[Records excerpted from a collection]

◆ ◆ ◆ ◆ ◆

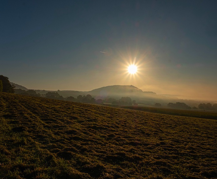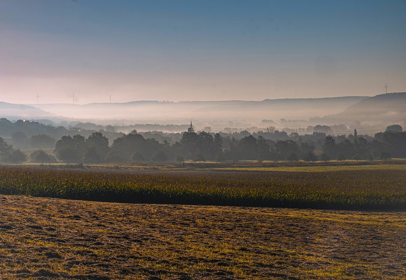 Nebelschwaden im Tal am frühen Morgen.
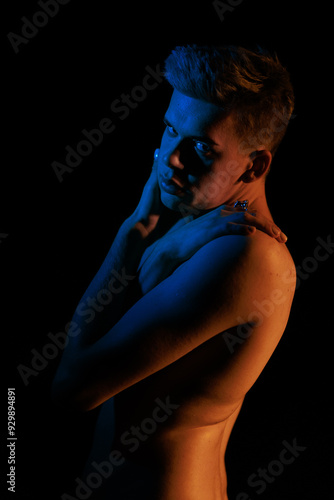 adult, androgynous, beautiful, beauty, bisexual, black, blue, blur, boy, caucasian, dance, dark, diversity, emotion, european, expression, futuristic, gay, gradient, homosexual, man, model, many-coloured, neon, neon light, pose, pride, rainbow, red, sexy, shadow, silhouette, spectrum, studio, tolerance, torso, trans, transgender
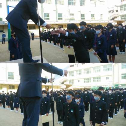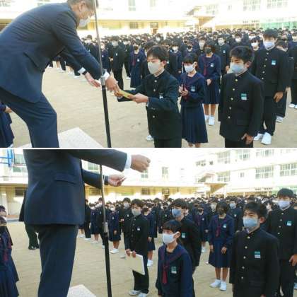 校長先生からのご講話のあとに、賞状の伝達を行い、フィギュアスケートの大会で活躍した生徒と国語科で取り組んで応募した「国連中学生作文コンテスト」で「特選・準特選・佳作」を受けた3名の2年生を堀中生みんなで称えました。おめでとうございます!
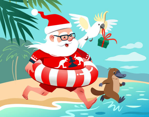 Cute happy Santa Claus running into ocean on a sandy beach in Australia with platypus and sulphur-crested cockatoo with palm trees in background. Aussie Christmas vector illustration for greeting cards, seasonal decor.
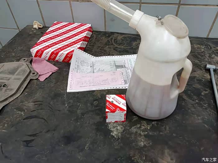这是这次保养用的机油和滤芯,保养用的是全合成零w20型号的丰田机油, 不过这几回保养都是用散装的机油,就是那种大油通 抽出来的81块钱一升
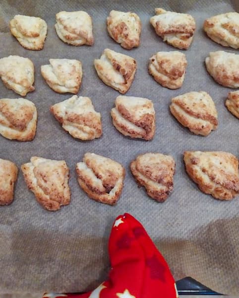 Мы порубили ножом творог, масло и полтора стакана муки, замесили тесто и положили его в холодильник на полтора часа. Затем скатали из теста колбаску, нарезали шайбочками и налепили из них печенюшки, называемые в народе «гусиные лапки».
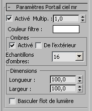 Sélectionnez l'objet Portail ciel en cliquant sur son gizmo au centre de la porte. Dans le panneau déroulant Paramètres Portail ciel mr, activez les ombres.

◆ ◆ ◆ ◆ ◆

■ WORK INSTRUCTION
The required output is a verbatim repetition of the lines from the opening of the entries above through the line containing "校長先生からのご講話のあとに", inclusive, with no pictures and nothing else.

■ SOLUTION TO THE PROBLEM
 Nebelschwaden im Tal am frühen Morgen.
 adult, androgynous, beautiful, beauty, bisexual, black, blue, blur, boy, caucasian, dance, dark, diversity, emotion, european, expression, futuristic, gay, gradient, homosexual, man, model, many-coloured, neon, neon light, pose, pride, rainbow, red, sexy, shadow, silhouette, spectrum, studio, tolerance, torso, trans, transgender
 校長先生からのご講話のあとに、賞状の伝達を行い、フィギュアスケートの大会で活躍した生徒と国語科で取り組んで応募した「国連中学生作文コンテスト」で「特選・準特選・佳作」を受けた3名の2年生を堀中生みんなで称えました。おめでとうございます!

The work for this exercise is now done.